WORK REQUEST
Determine how many lines in the material below contain the word "الهفوف", and give that number without comment.

************

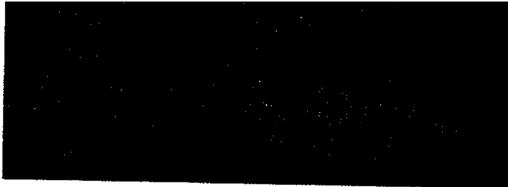
حفول الأرز في الهفوف

لم تكن محاربة الأتراك خبرة جديدة بالنسبة إلى ابن سعود، ذلك أنه كان قد لاقى، مرة بعد أخرى، فصائل تركية، وبخاصة مدفعية الميدان، ضمن جيوش ابن الرشيد، ولكن الهجوم على الأحساء، التي كان يحكمها الأتراك مباشرة، كان شيئاً آخر مختلفاً تماماً، ذلك أنه يجعله يصطدم بدولة عظمى وجهاً لوجه. ولكن ابن سعود لم يكن باستطاعته أن يختار، فما لم يخضع الإحساء وميناءها لسيطرته فإنه يبقى معزولاً عن العالم الخارجي دائماً، وغير قادر على أن يحصل على ما كان في أمس الحاجة إليه من الأسلحة والذخائر وكثير من ضروريات الحياة. كانت الغاية تبرر المغامرة، ولكن الخطر كان كبيراً جداً، حتى أن ابن سعود تردد طويلاً قبل أن يقوم بأي هجوم على الأحساء وعاصمتها، الهفوف. وهو لا يزال مولعاً، حتى الآن بأن يروي الظروف التي اتخذ فيها قراره النهائي.
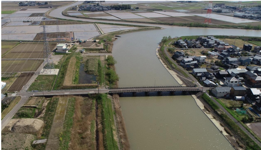
【河川改修 竹田川(あわら市)】103百万円

道路・河川・砂防ダム・港湾の整備 等 ほ場の整備、漁港・治山・農業用施設の整備 等
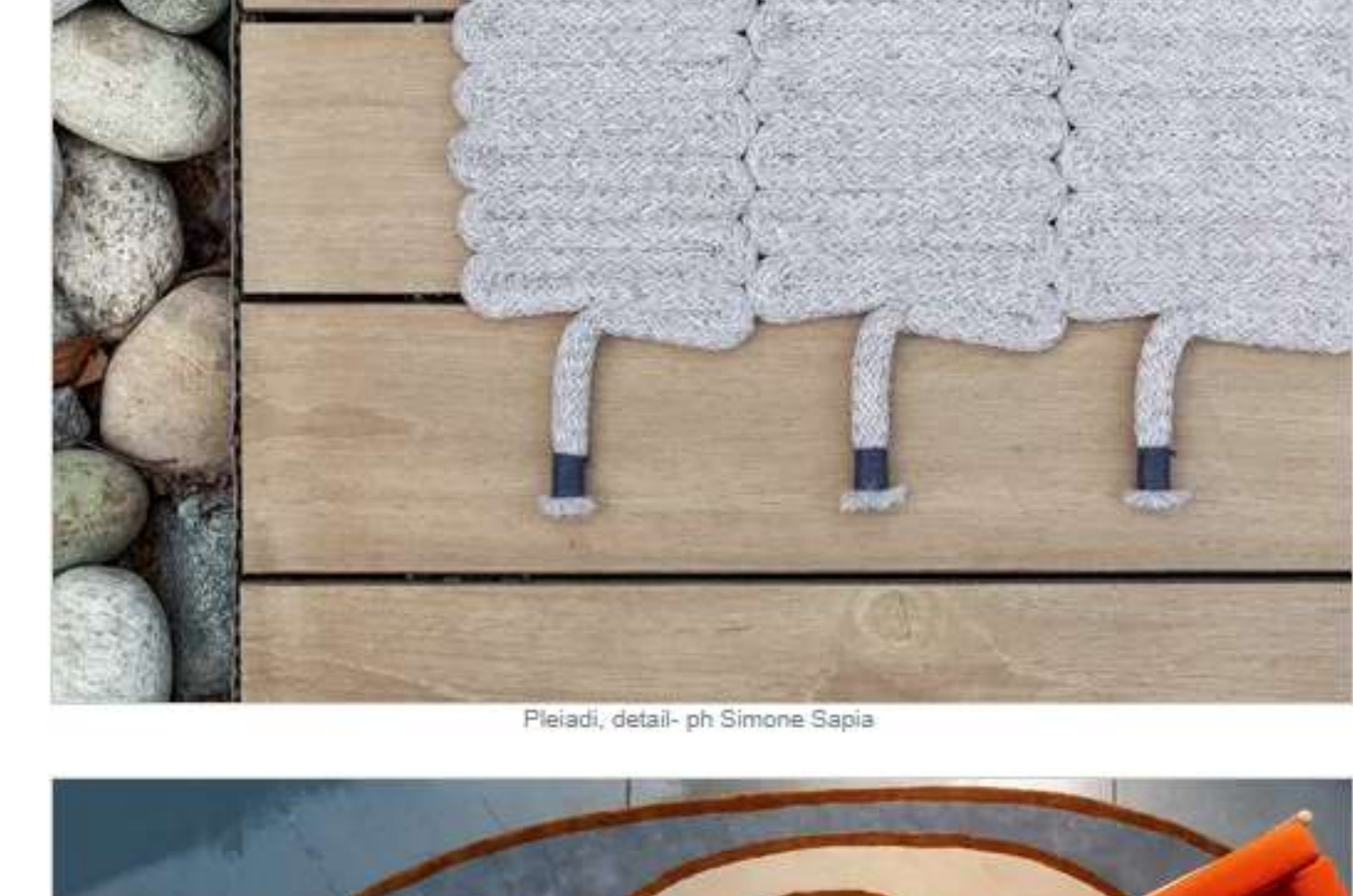
Pleiadi, detail

************

TASK RESULT
2